▸ **Exercise aim**:
Output a character-exact copy of the data, images removed.

Start of Material provided

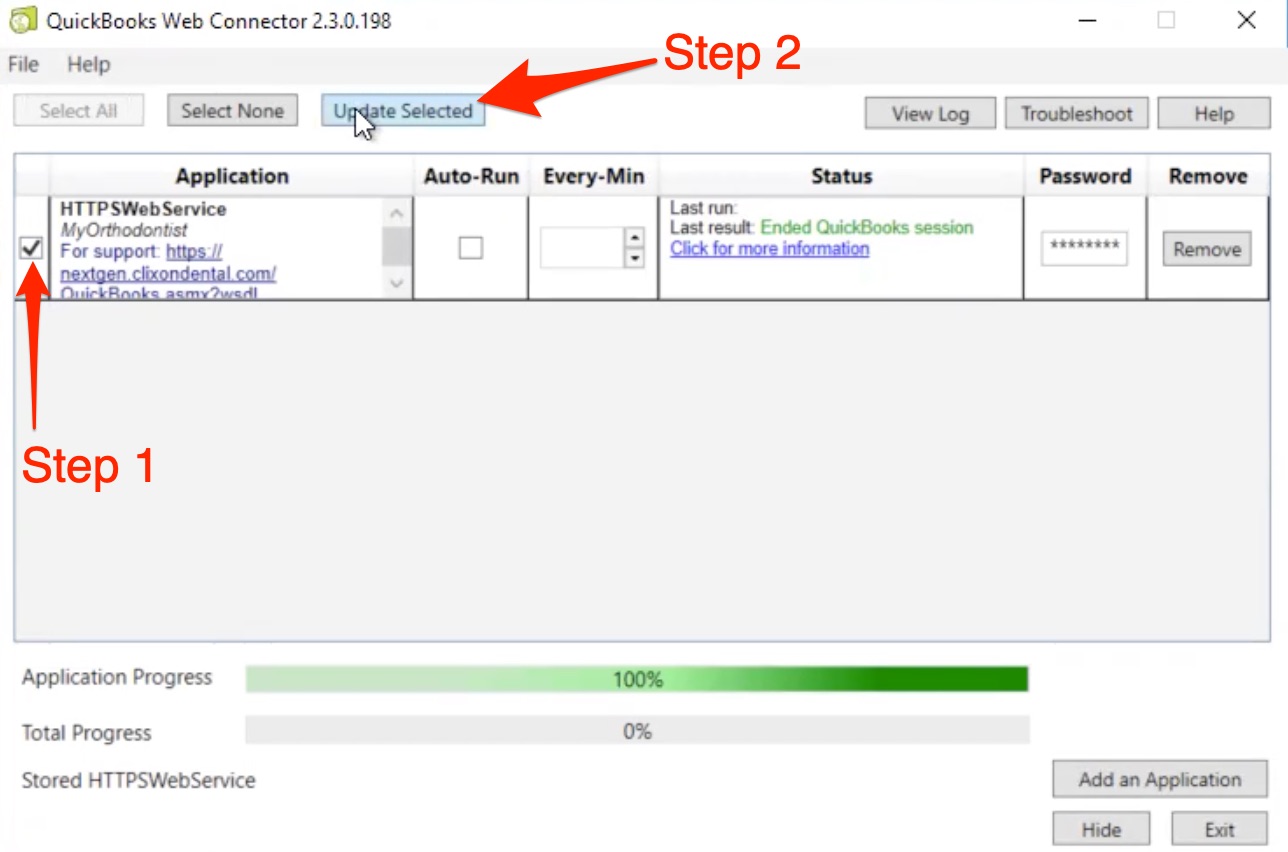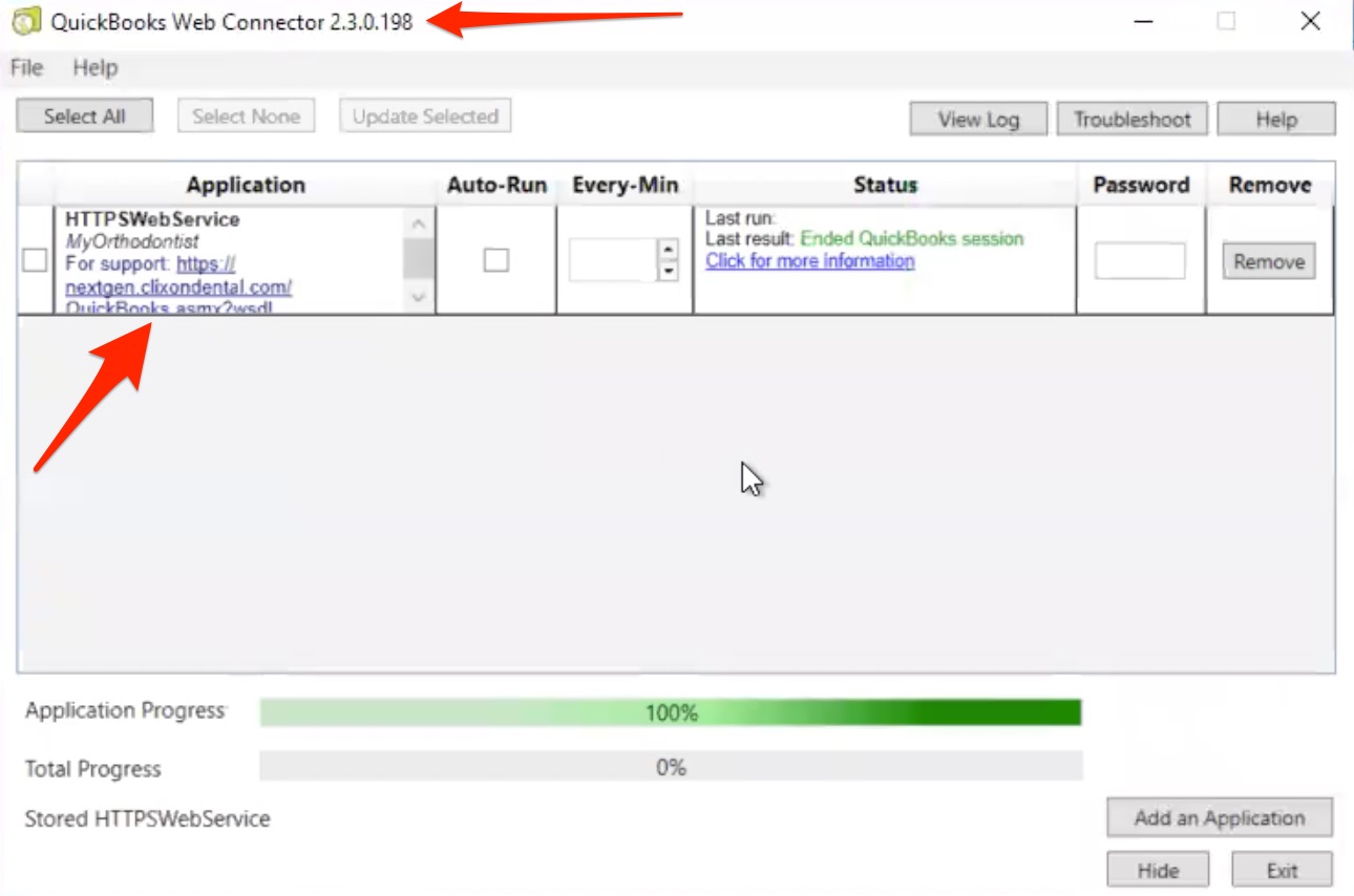 QuickBooks Web Connector will now open and you will see that your new application has been added.
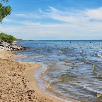 La spiaggia Southwick si estende per 1067 metri lungo il lago Ontario, caratterizzata da dune naturali e acque limpide per la balneazione.
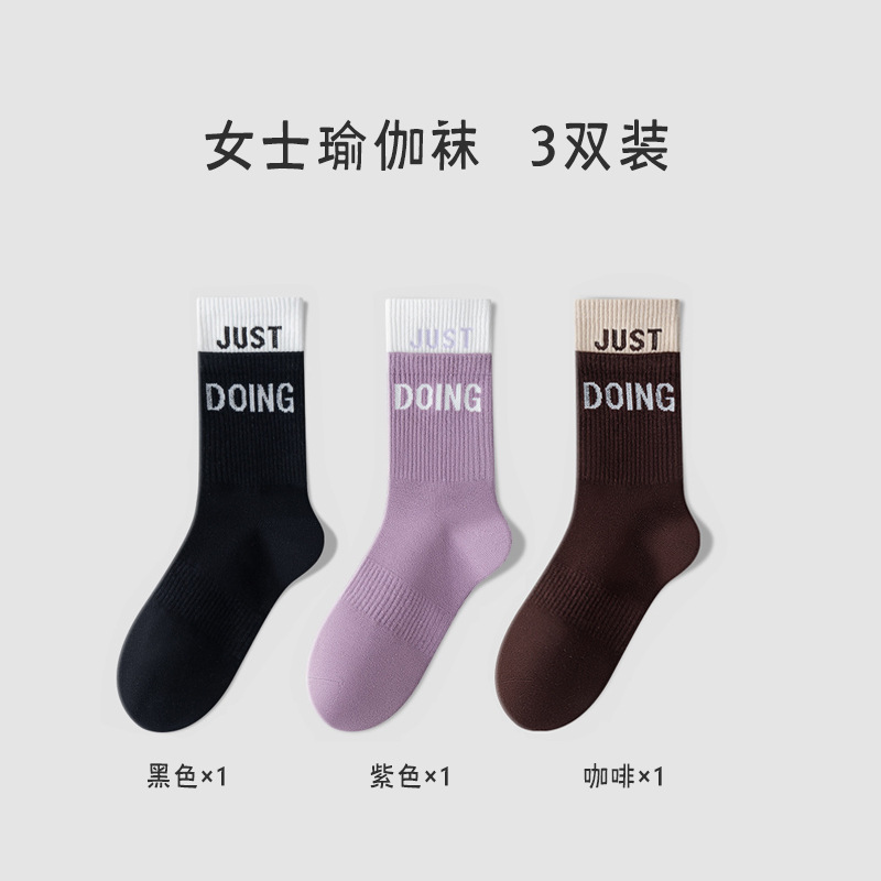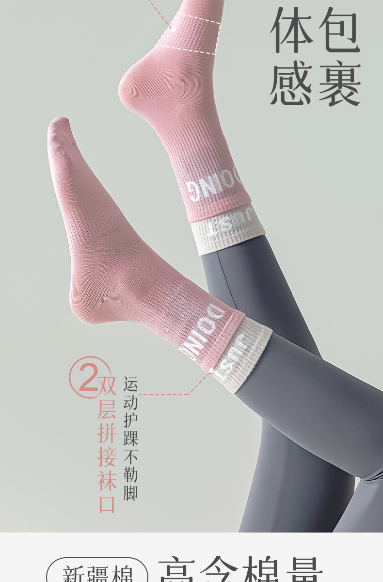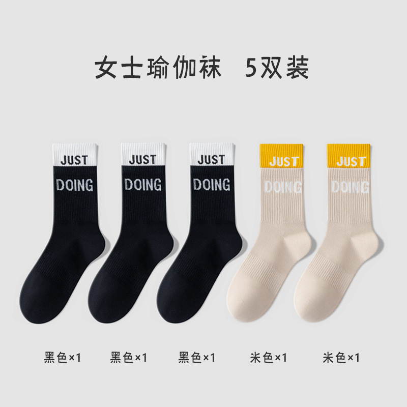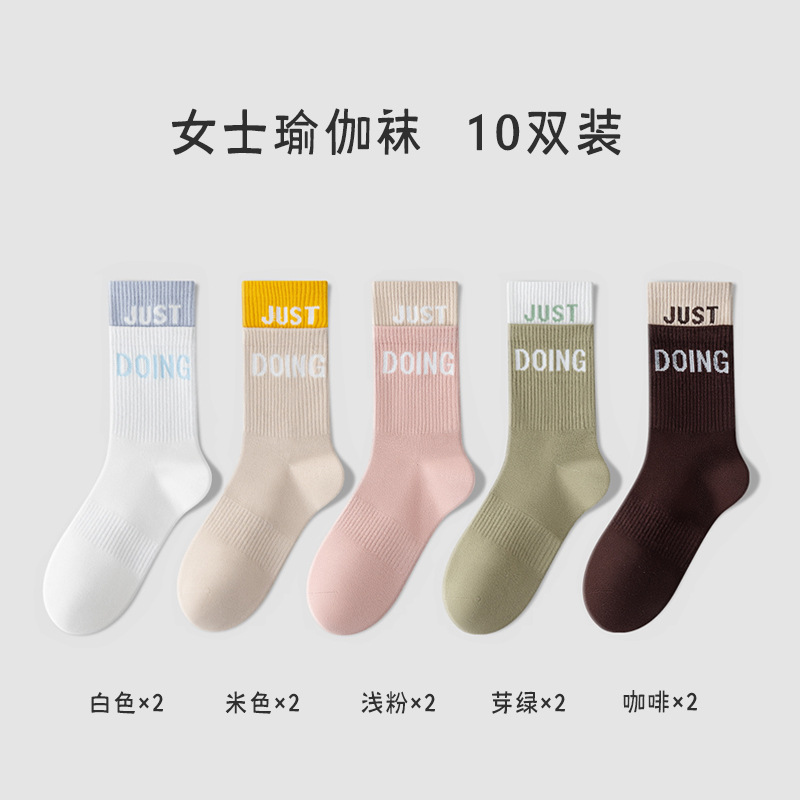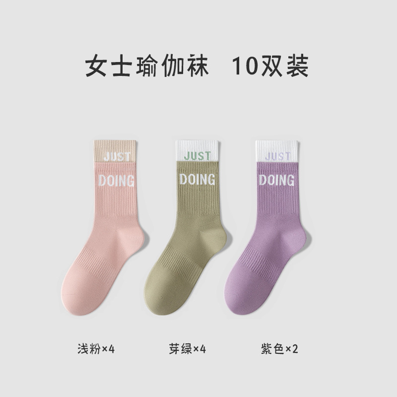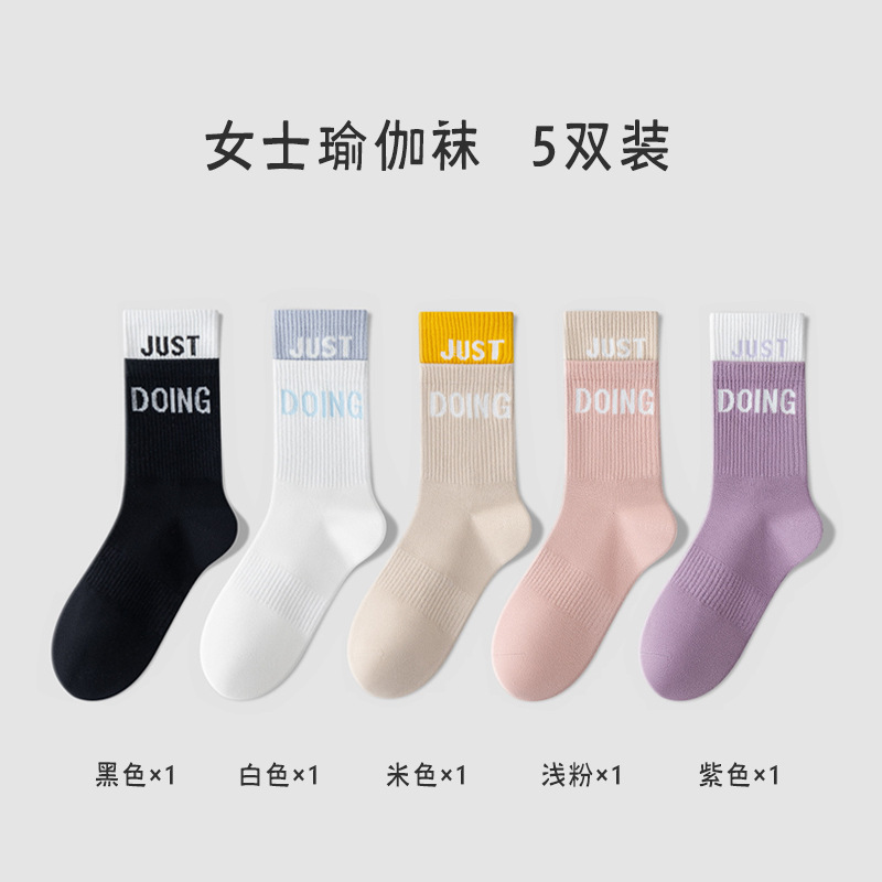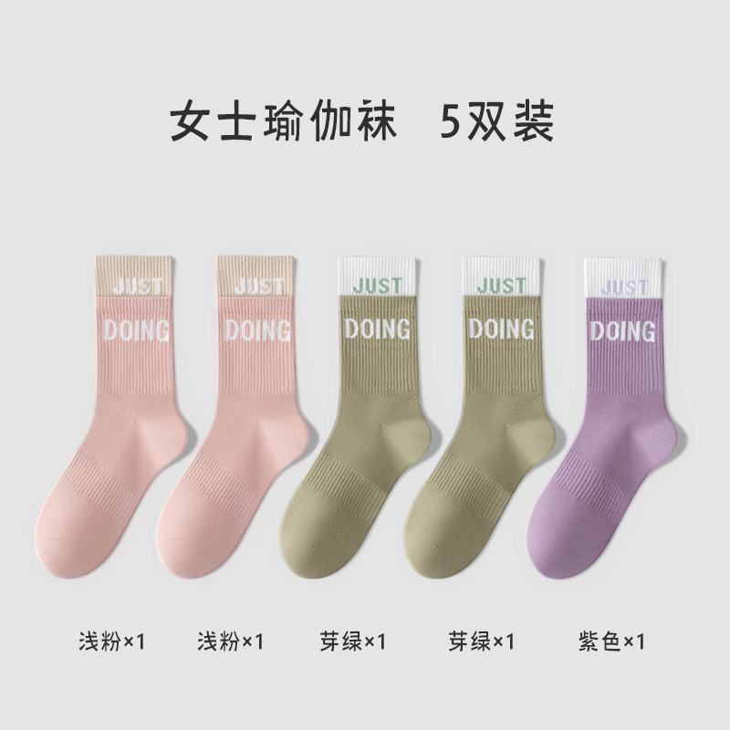 瑜伽袜子女中筒袜纯棉夏季健身舞蹈普拉提专业防滑运动女士地板袜

End of Material provided

▸ **Completed exercise**:
 QuickBooks Web Connector will now open and you will see that your new application has been added.
 La spiaggia Southwick si estende per 1067 metri lungo il lago Ontario, caratterizzata da dune naturali e acque limpide per la balneazione.
 瑜伽袜子女中筒袜纯棉夏季健身舞蹈普拉提专业防滑运动女士地板袜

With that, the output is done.